Dubai: Dubai Police have helped a woman overcome her addiction to drugs after her housemaid discovered her problem and reported the issue to the woman’s mother, who in her turn sought assistance from police.
The woman’s life had been going well. She graduated from university and achieved excellence in science. Then she got married and the couple set an example in marital harmony.
However she made new “friends” who started inciting her against her husband, urging her for a divorce so she could live alone with “freedom”. They persuaded her to take drugs and illegal painkillers as a “solution” to facing family and psychological problems.

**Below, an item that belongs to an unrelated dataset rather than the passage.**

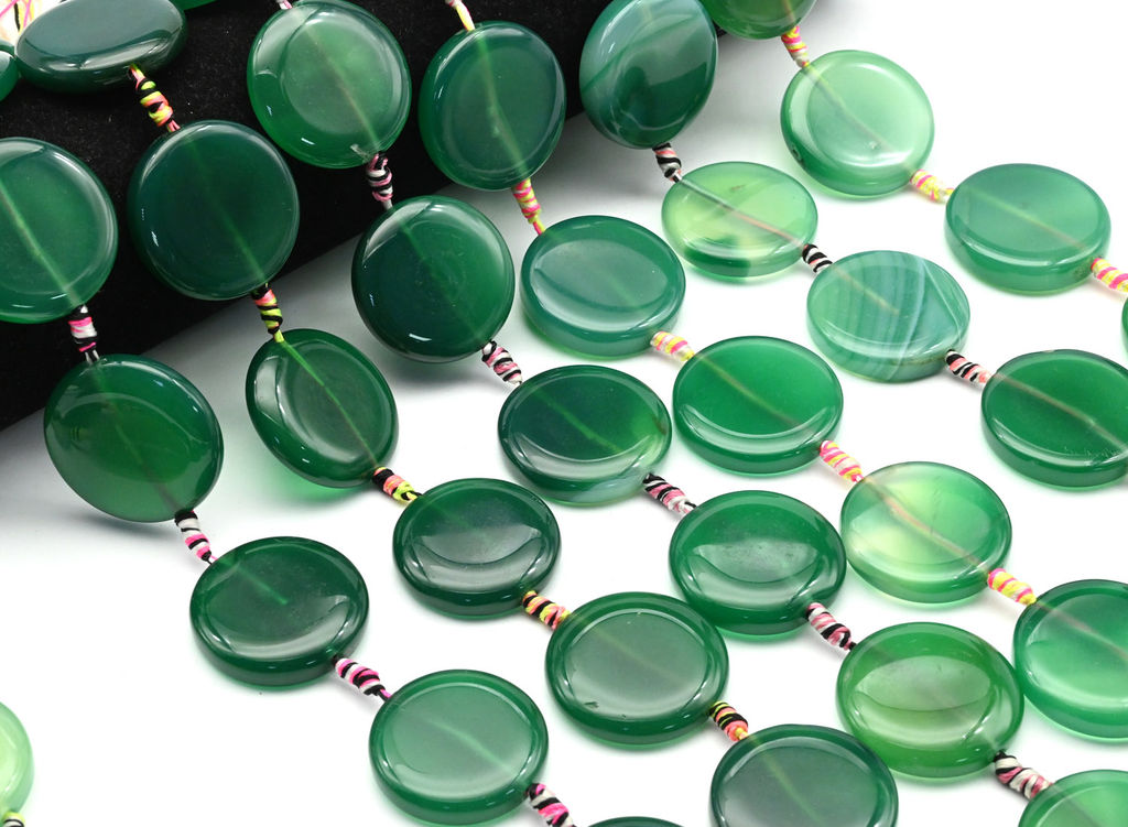 • Бусины из агата тонированного круг 30мм цв.зеленый, 37см, 10 бусин Радуга камня

Her marital disputes worsened and the couple got divorced.
Downward spiral
The “friends” encouraged her to live with her son and maid away from her family, to delve deeper into the world of drugs and to suffer depression and addiction that destroyed her psychologically and ruined her health and beauty.

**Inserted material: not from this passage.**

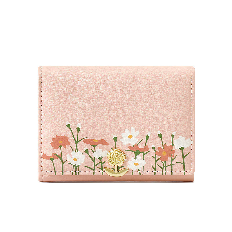 新款小清新花朵印花小三折薄款小巧精致短款钱包钱夹女

The maid contacted her mother in a bid to save her. The mother in her turn contacted Hemaya International Centre in the General Department of Drug Control in Dubai Police, to save her daughter and help her to leave the world of drug addiction by taking advantage of Article 89 of the UAE Law on Combating Narcotics and Psychotropic Substances.
Colonel Abdullah Al Khayat, Director of Hemaya International Centre, said the young woman had got married at the age of 20, and gave birth to a child who is currently six years old. Her husband was a good person, but after she met a group of bad friends, her life turned “upside down”. As every time she would tell them about her personal problems, they would worsen her life, until the marital disputes led to divorce.

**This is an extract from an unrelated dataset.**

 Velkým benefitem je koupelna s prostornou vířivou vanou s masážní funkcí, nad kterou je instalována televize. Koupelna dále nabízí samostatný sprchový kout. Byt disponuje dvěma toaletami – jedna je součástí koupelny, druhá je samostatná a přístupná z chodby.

Her family insisted she return along with her son to live with them but she refused so that her drug addiction would not be discovered. She lived in a villa with her son and maid - she was far from the eyes of her family and close to “bad companions”.
Maid breaks silence
Col Al Khayat said the young woman’s addiction to drugs was not enough for her “friends” who later pushed her to visit psychiatrists, and as a result of taking some illegal painkiller, she suffered from bouts of screaming and anger to the point that she broke anything in front of her. The maid felt she had to intervene and break her silence about the “tragic situation” that her employer was in.
She took the initiative to inform her employer’s mother about all the changes that have occurred in her daughter’s life, who was approaching insanity.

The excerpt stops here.